BOISE — Debbie Critchfield, Idaho’s state superintendent of public instruction, introduced Heidi Cornell as Idaho’s 2025 Teacher of the Year during the Senate Education Committee meeting. Cornell, a third-grade teacher at Orchards Elementary in Lewiston, described classroom practices and schoolwide professional learning community work she credited with improving student outcomes.
Cornell said her personal mission is that "you feel deeply loved when you are with me," and she explained how that commitment underpins her work with students who are "easy to love, the unlovable, and the ones who disagree with me." She told the committee the Lewiston School District adopted professional learning communities (PLCs) districtwide and selected school-level PLC leads to help teams define learning targets, write common formative assessments and align interventions and enrichment to student needs.
Why it matters: Cornell and Superintendent Critchfield framed the recognition as an opportunity to spotlight classroom leadership and the role of PLCs in achieving the board’s goal that Idaho children read at grade level by third grade. Cornell said the PLC work enabled staff to know "where every student is at and what every student needs," making collaboration more effective.

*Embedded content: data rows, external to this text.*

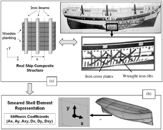 Composite iron–wood ship structure (a) and its modeling through shells with smeared properties (b); reprinted from [], copyright (2010), with permission from Elsevier.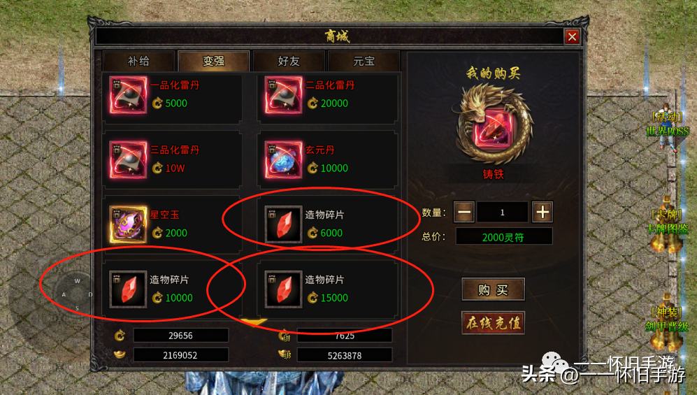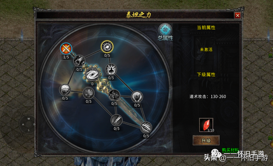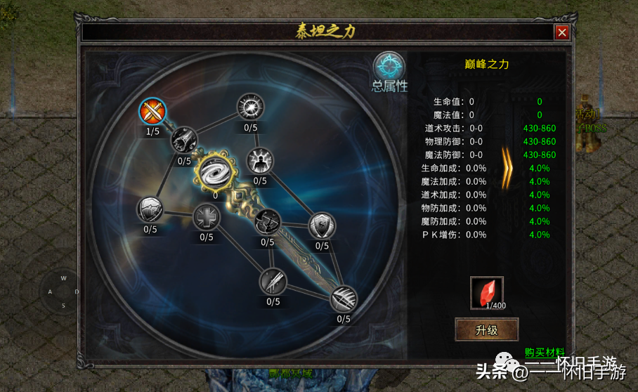 第三个就是泰坦之力,二大陆正上方就能看到,然后材料在商城内每天元宝限购5个,前面只要10个就能点一下,有的大佬可能忽视了,直接灵符就买了,这个不要强求,因为越往下面点要的数量越多,最后一个要400个才能点一个,不过属性也是相当可观的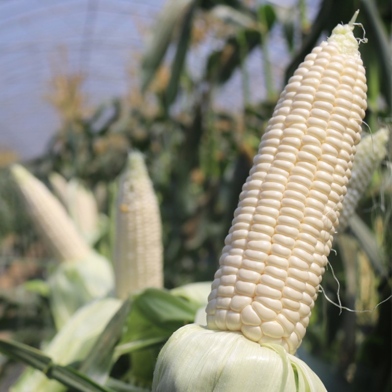 超甜型白色水果玉米雜交種,春播出苗至鮮穗采收平均75.3天。單穗重350-450g,苞葉鮮綠、緊實、旗葉多,穗長20㎝,穗粗4.6㎝,穗行數16.3行,行粒數36.1粒,禿尖少;籽粒雪白,顏色亮麗;鮮食皮薄多汁無渣,熟食清甜爽口,采收期糖度在20度左右,收獲期長,成品率高。株高約161㎝,穗位高約25㎝,穗位低而整齊,耐倒伏性強,栽培管理容易。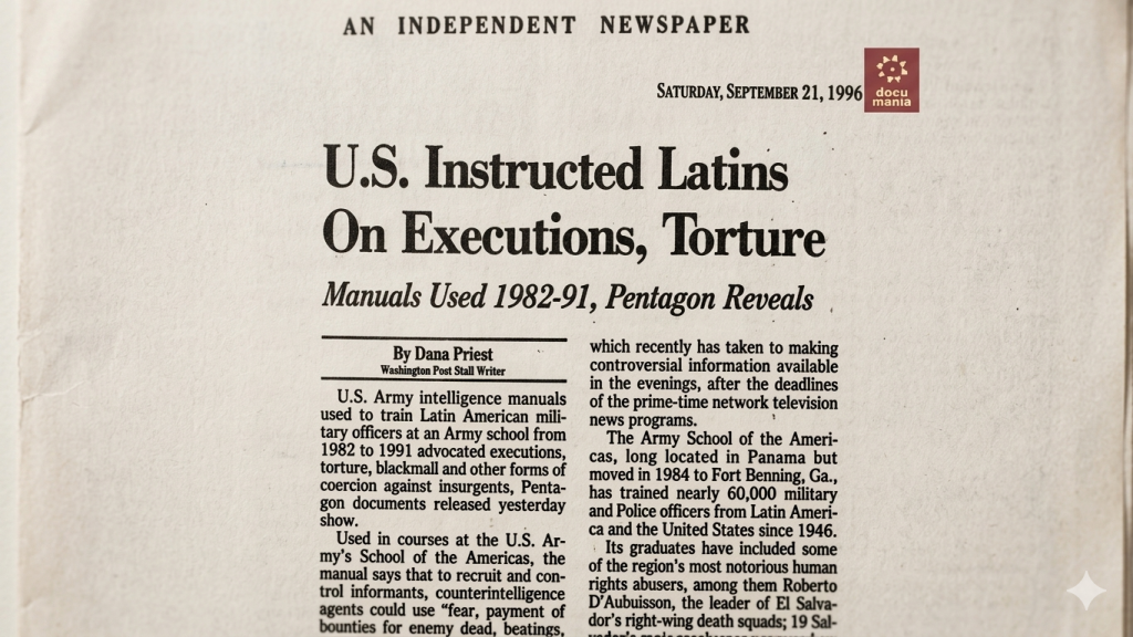 Por un lado, el New York Times tituló: “Old U.S. Army Manual for Latin Officers Urgen Rights Abuses” [El antiguo manual del ejército estadounidense para oficiales latinos insta a abusos de derechos]; el Washington Post decía de forma más cruda: “U.S. instructed Latins on Executions, Torture” [Estados Unidos instruyó a los latinos sobre ejecuciones y tortura].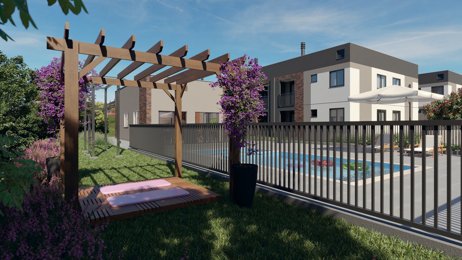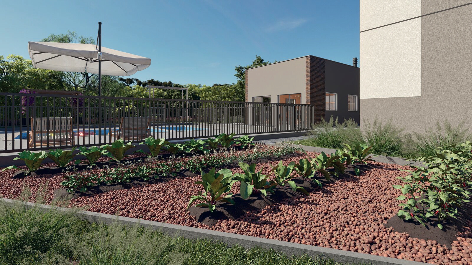 Aqui você encontra uma área de lazer completa, com piscina adulto e infantil, quadra poliesportiva, academia ao ar livre, salão de festas, playground, pet place, horta comunitária, espaço zen e redário. Um verdadeiro refúgio para quem busca qualidade de vida, convivência e momentos especiais com a família.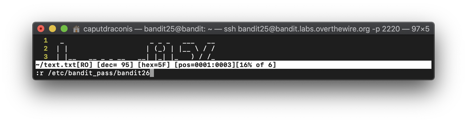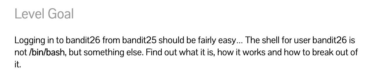 확인해본 결과 역시나 bandit26에게는 열람 권한이 없었고 이 프로그램을 이용해서 훔쳐봐보자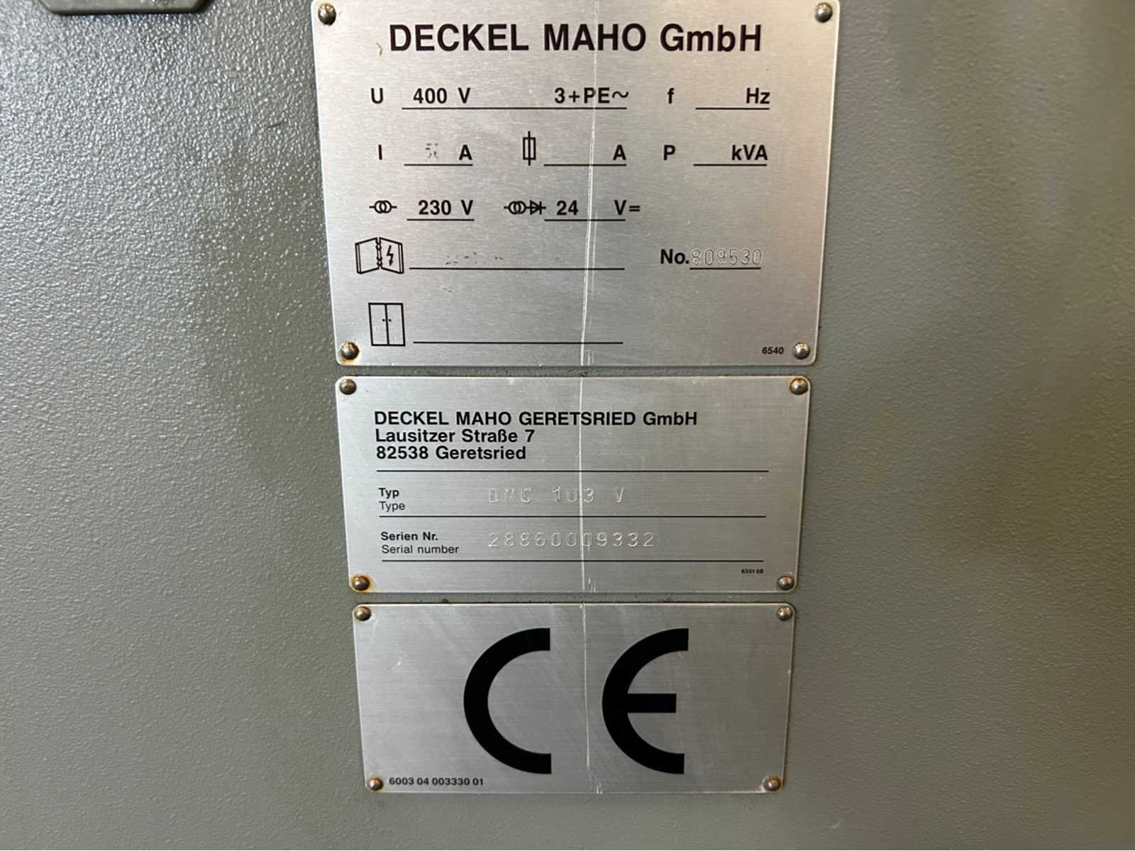 No Merk: Deckel Maho Type: DMC 103V Serienummer: 28860009332 Opname iso: 40 Verplaatsing x-as: 1000mm Verplaatsing y-as: 600mm Verplaatsing z-as: 600mm Snelheid tot n =: 8000rpm CNC-besturing, merk, type: Heidenhain TNC 426 Koelmiddelpomp: true Werkstuk gewicht max.: 800kg T-gleuf opspantafelafmeting B: 600mm T-gleuf opspantafelafmeting L: 1200mm -assig: 3 Motorvermogen (kW): 13kW Handboek aanwezig: true Aansluiting: 400V Machinegewicht: 6500kg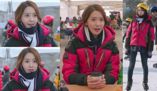 이때 윤아는 핫 핑크 컬러의 패딩으로 귀엽고 사랑스러운 분위기를 뽐내며, 추운 겨울 날씨의 야외 스케이트장에서도 본인 특유의 트렌디하고 러블리한 패딩 패션을 완성했다.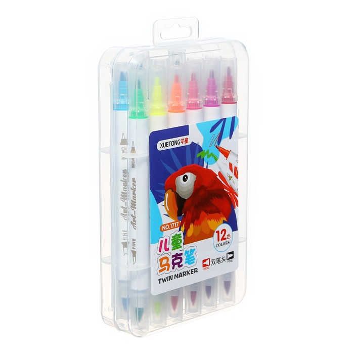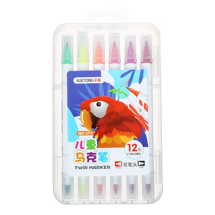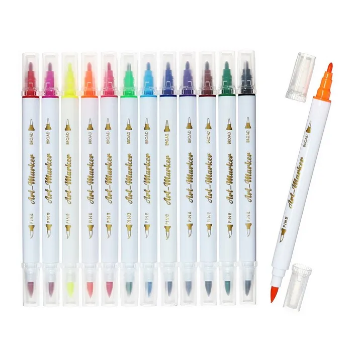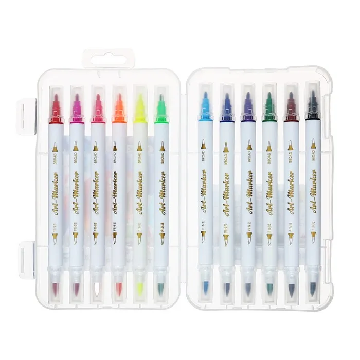 Набор маркеров 12 цветов, двусторонние, пулевидный и кистеобразный наконечники — Характеристики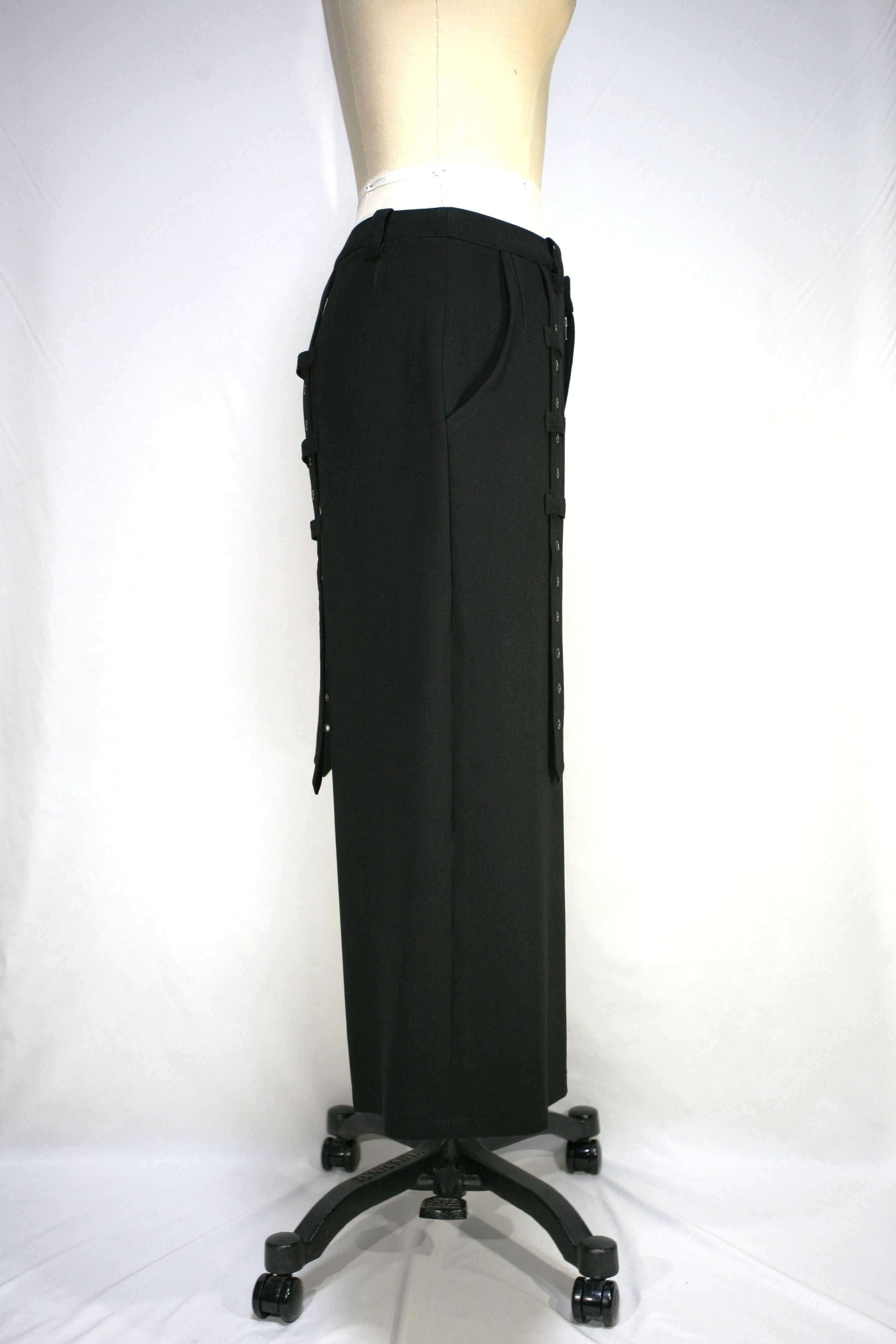 前後のベルトを下パンツに付いた25㎜バックルに通す事で、全体の股下を71㎝から3㎝刻みで調節する事が出来ます。(画像の股下は80㎝)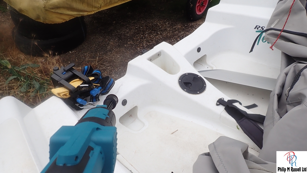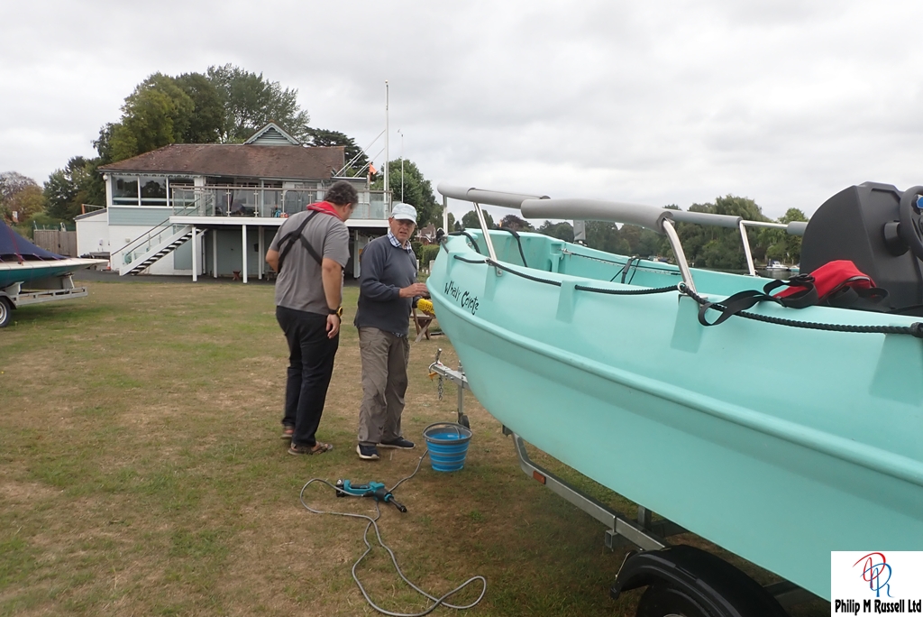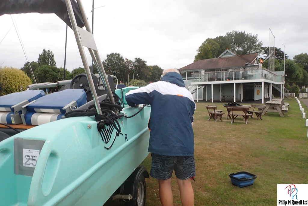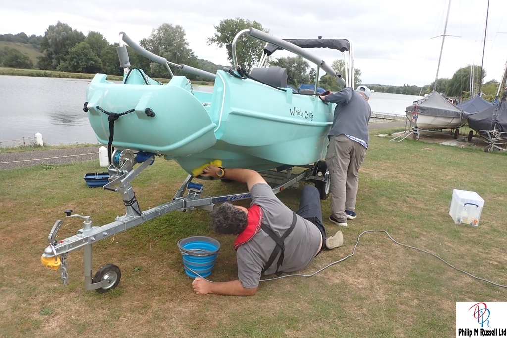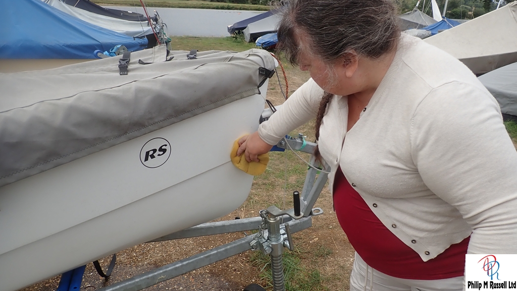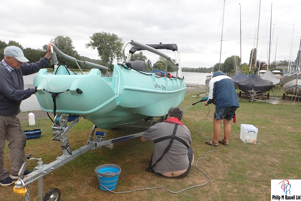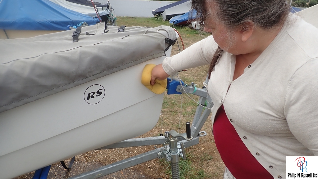 With a nice clean and sparkling RS Toura, we thought that we had better clean the Whaly, so out came the soapy water and the jet washer and a lot of scrubbing. The surface of the Whaly is quite rough so as well as the jet washer we also needed a scrubbing brush and Guy - perhaps feeling that he owed us something for the rescues, came and scrubbed the boat too.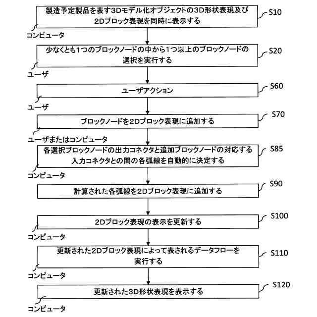 2Dブロック表現は、2Dブロック表現の弧線によって表されるデータフローの実行によって3D形状表現が出力されるように構成される。

Classroom and school examples: Cornell described a "Coins for a Cause" unit where third graders research local nonprofits and write persuasive speeches to advocate for donations. She also said her classroom invites parents to speak about careers and trades and that the school partners with Lewis-Clark State College and the University of Idaho to host interns in her classroom.
Cornell returned to the classroom after serving as a PLC lead, and she told lawmakers her school devotes about an hour and a half weekly for PLC work. "When I think of resources, I think of money, time, and people," she told the committee, saying time for collaboration is as important as financial support.
Committee comments: Senators congratulated Cornell and praised the focus on leadership and student-centered culture. Cornell said teacher leadership can grow instruction without forcing teachers into administration and expressed support for incentives that recognize teacher-leader roles.
What was not decided: The committee recognized Cornell and heard her remarks; no committee action or funding decisions followed her appearance.